BEGIN

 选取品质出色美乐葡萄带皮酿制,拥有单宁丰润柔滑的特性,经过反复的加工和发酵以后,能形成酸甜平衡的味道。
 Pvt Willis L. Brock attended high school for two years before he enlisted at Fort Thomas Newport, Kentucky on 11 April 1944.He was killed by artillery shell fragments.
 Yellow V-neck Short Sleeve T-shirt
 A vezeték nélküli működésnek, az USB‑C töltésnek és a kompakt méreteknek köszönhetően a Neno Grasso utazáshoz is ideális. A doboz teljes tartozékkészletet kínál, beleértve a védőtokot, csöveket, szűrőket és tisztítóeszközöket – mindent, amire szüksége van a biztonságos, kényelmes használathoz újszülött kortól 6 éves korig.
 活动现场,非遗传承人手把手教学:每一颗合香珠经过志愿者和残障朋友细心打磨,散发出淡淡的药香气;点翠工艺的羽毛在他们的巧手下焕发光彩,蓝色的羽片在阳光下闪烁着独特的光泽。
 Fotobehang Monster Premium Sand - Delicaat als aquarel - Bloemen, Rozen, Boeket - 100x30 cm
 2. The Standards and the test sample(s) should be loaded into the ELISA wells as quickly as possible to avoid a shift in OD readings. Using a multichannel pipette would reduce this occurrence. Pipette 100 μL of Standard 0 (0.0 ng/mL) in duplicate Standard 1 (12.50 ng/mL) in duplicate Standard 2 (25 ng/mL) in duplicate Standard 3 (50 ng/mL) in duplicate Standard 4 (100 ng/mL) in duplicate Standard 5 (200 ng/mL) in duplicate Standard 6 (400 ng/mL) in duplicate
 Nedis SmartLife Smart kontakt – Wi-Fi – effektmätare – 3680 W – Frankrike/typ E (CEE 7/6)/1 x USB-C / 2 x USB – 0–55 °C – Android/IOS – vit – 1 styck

END
BEGIN

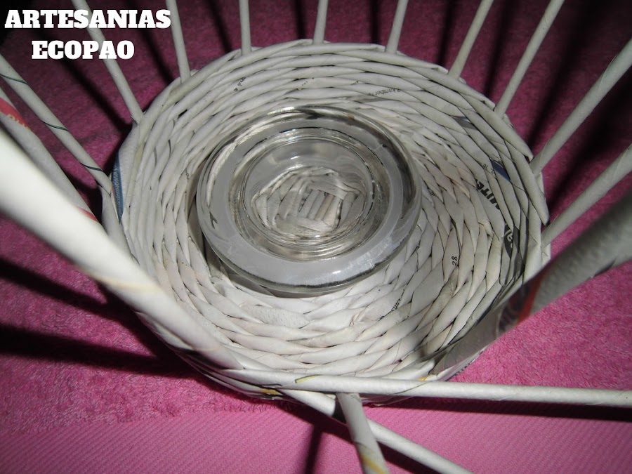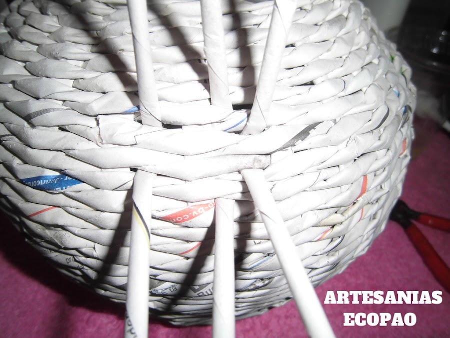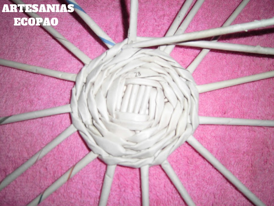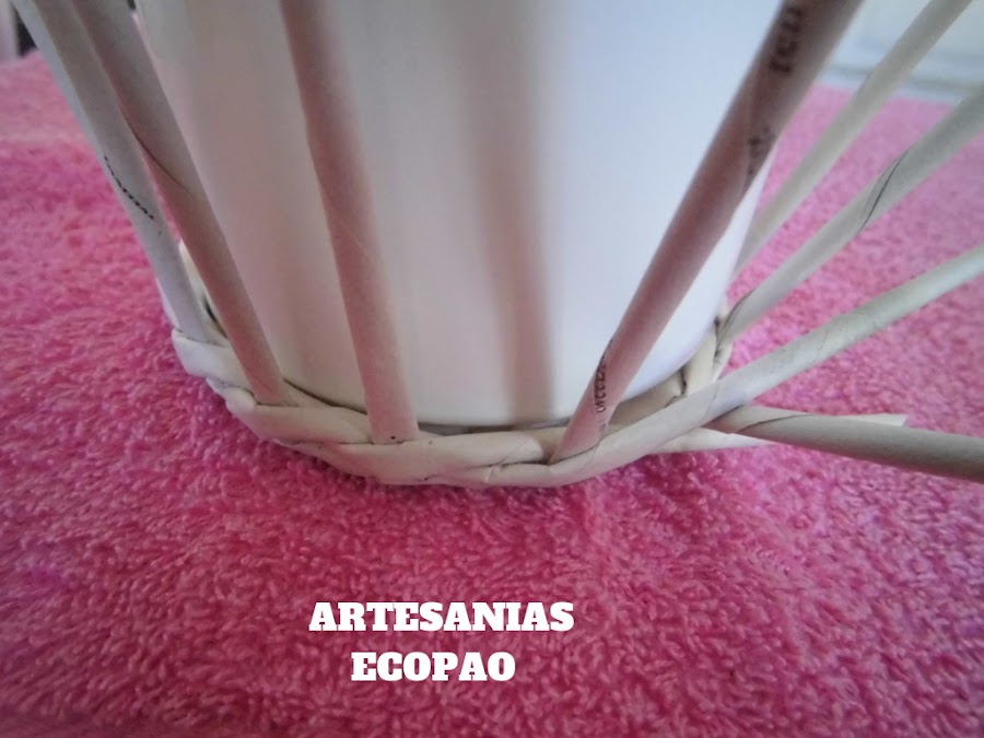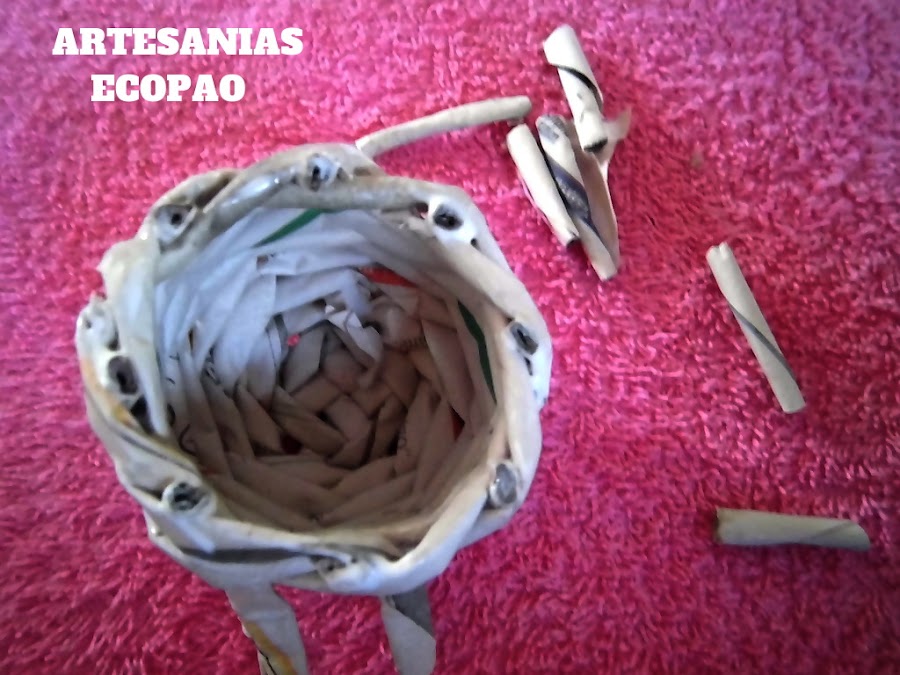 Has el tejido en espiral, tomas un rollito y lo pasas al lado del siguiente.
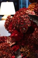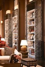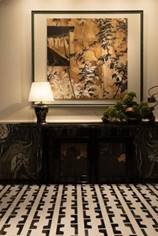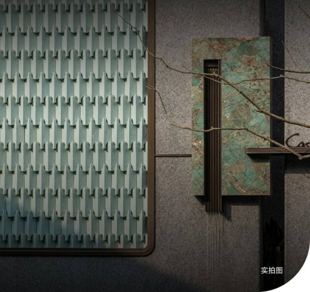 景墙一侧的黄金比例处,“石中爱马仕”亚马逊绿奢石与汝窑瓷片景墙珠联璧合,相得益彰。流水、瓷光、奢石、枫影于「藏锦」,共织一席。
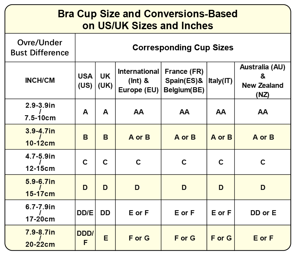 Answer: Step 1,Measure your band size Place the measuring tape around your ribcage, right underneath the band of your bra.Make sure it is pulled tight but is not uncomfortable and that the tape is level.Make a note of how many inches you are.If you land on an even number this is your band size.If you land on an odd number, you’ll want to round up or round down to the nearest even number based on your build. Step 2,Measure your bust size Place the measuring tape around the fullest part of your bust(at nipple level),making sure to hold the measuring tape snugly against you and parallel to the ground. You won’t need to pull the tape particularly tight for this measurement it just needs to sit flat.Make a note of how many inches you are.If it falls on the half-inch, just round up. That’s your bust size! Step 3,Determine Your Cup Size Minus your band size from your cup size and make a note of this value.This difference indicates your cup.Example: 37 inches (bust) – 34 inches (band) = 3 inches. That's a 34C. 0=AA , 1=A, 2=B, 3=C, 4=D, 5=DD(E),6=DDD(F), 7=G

END

Would you print, exactly as written, every line above from the one holding "选取品质出色美乐葡萄带皮酿制" through the one holding "Yellow V-neck Short Sleeve T-shirt", with both included and no other lines?

 选取品质出色美乐葡萄带皮酿制,拥有单宁丰润柔滑的特性,经过反复的加工和发酵以后,能形成酸甜平衡的味道。
 Pvt Willis L. Brock attended high school for two years before he enlisted at Fort Thomas Newport, Kentucky on 11 April 1944.He was killed by artillery shell fragments.
 Yellow V-neck Short Sleeve T-shirt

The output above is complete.